The doors to the drawing room opened, and Hugh’s heart lurched.
Basil stepped to the side and cleared his throat.
He looked inordinately pleased with the ceremony of it all as he snapped his fingers, and the strains of a violin filled the room.
Hugh’s butler, Whitlock, had been in an orchestra in his youth and had offered to play.
Everyone turned in their seats to view Audrey’s attendant, Cassie, entering first. As she took measured steps down the aisle, Hugh refrained from tapping his foot, though just barely.
“A sloth may have moved faster,” Thornton muttered as she came to stand across from them. She shot him a glare, but then faced the doors again.
And then, there she was. Audrey’s eyes immediately found him, and Hugh was lost. She was a vision in cream silk. Perfect in every way. He stood tall and waited for his bride to come to him.
Two years ago, Audrey had descended a set of steps, into the dark, dank cellar of the Brown Bear on Bow Street.
In that moment, her heart had been in her throat.
Her best friend, her husband, had just been arrested for a crime that she knew, in her soul, he never could have committed.
When she’d walked into that cellar and met with the arrogant, belittling arresting officer, Audrey never could have imagined that she was, in fact, meeting her next husband.
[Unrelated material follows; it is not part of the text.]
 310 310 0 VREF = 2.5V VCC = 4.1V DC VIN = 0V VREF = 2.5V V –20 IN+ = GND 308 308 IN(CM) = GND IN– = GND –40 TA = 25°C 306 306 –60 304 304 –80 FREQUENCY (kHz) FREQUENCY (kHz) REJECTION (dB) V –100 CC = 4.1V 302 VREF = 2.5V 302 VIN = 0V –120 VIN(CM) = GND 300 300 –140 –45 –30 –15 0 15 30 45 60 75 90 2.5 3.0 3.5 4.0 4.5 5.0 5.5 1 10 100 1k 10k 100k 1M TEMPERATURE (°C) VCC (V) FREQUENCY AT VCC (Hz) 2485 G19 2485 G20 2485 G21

The love of her life.
As she entered the drawing room, clutching the small bouquet of lilies and honeysuckle, the officer she had so detested upon their first meeting blinked to keep his tears at bay.
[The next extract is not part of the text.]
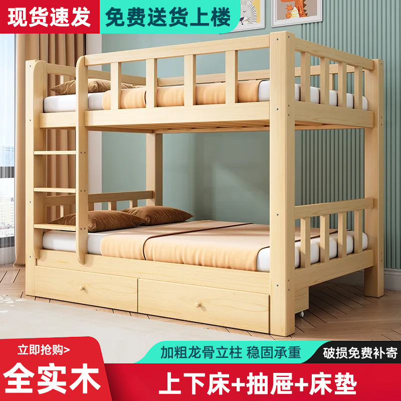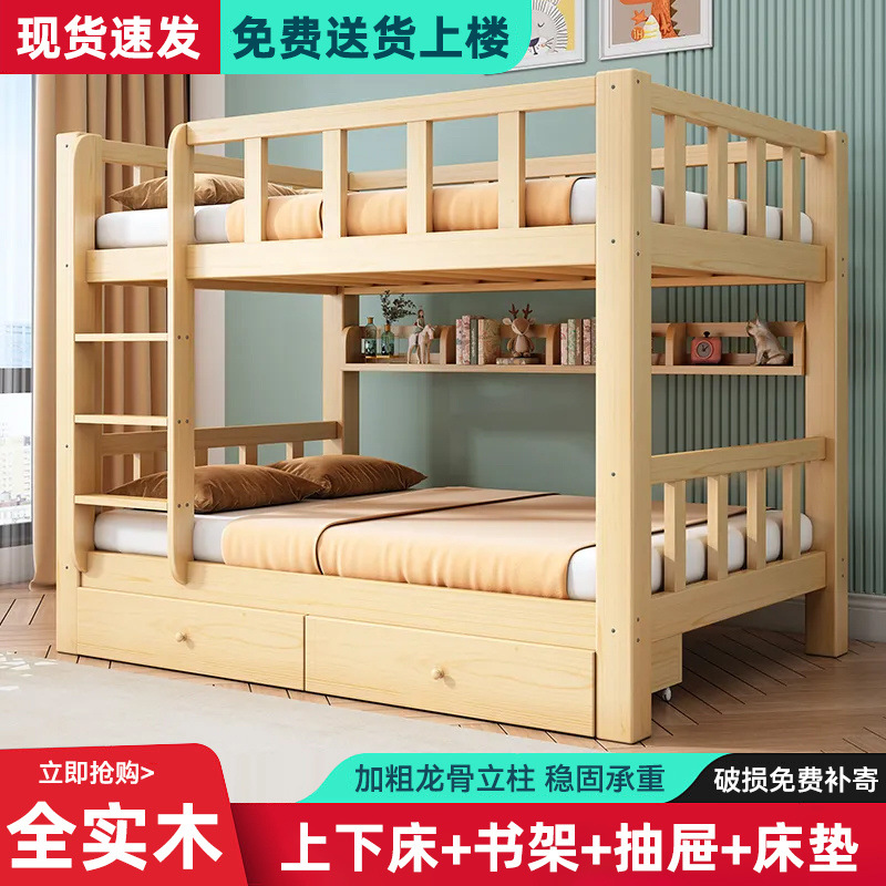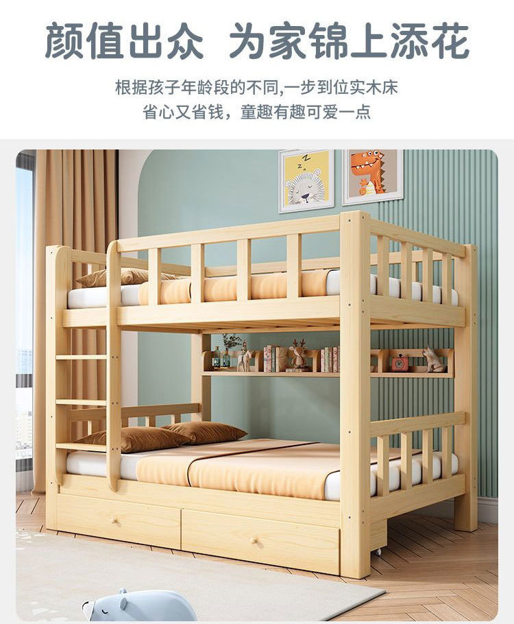 원목침대, 이층침대, 어린이용 하이베드, 성인용 이층침대, 2층 다기능 조합, 원목침대 2개 직판스토어 가기

Now, she knew Hugh Marsden was neither arrogant nor belittling.
She’d come to know him as the kindest, most honorable, caring, intelligent, and loyal man she had ever met.
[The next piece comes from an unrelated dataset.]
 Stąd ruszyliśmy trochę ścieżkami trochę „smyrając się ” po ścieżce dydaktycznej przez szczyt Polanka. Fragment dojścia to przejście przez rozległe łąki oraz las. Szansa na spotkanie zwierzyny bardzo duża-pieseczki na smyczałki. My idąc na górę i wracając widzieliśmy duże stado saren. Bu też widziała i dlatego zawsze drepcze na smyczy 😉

He could still be infuriating at times, but she’d never felt more loved.
A person’s life could take such curious and serendipitous turns. Though Philip was gone, he would always have a place in her heart. Without him, she would have gone through with the arranged marriage to Lord Bainbury. She would have continued to feel like an outcast, afraid to be who she was.
Most importantly, without Philip, she would have never met Hugh Marsden.
As she walked slowly down the aisle between the chairs filled with their friends and family, a violin playing a soft piece, she felt full of gratitude that they were here, rather than in some church that held no meaning for them.
This would be their home. It would be where they would love each other and grow old together and raise children together.
There could be no better place to take Hugh as her husband.
Upstairs, after Greer and Cassie had helped her into the gown Madame Gascoigne had turned out in record time, there had been a knock on the bedchamber door. Michael entered, and pulling on his cuffs, announced, “I’ve come to offer myself up.”
Audrey peered at him in the mirror’s reflection as Greer pinned a dainty, crystal-studded netting over her upswept hair.
The mirror was one of the only pieces of furniture in the room, other than a few trunks and the large tester bed that gave her an electric thrill when she imagined sharing it with Hugh that night.
“How so?” Audrey asked.
“To walk you down the aisle, of course,” he answered. “We are still family. Your marrying the viscount won’t change that.”
Audrey turned from the mirror, the sting of tears biting the corners of her eyes.
“Oh, Michael.” Greer quickly finished with the netting pins, and Audrey went to him.
His alarm at her approach was significant, as if he worried she was going to throw herself into his arms. But she stopped short of that and only took his hands into hers.
“I’m lucky to have you. Both you and Genie. Cassie and Tobias too.”
“I should say so,” Cassie said, suppressing a grin as she came forward with the pair of tall silk gloves the modiste had sent as well.
Audrey sniffled, knowing she couldn’t cry before the wedding. It would make her eyes red and puffy. “Thank you for the offer, Michael, but I want to walk myself down the aisle,” she said. “I’m giving myself to Hugh.”
Michael nodded, a bashful grin forming. “I could not be happier for you.”
So, after a long time coming, and a short walk down the aisle, her eyes hinged on her groom with every step, Audrey reached the altar on her own. Though, as Hugh came forward and took her hand into his, she knew she would never be on her own again.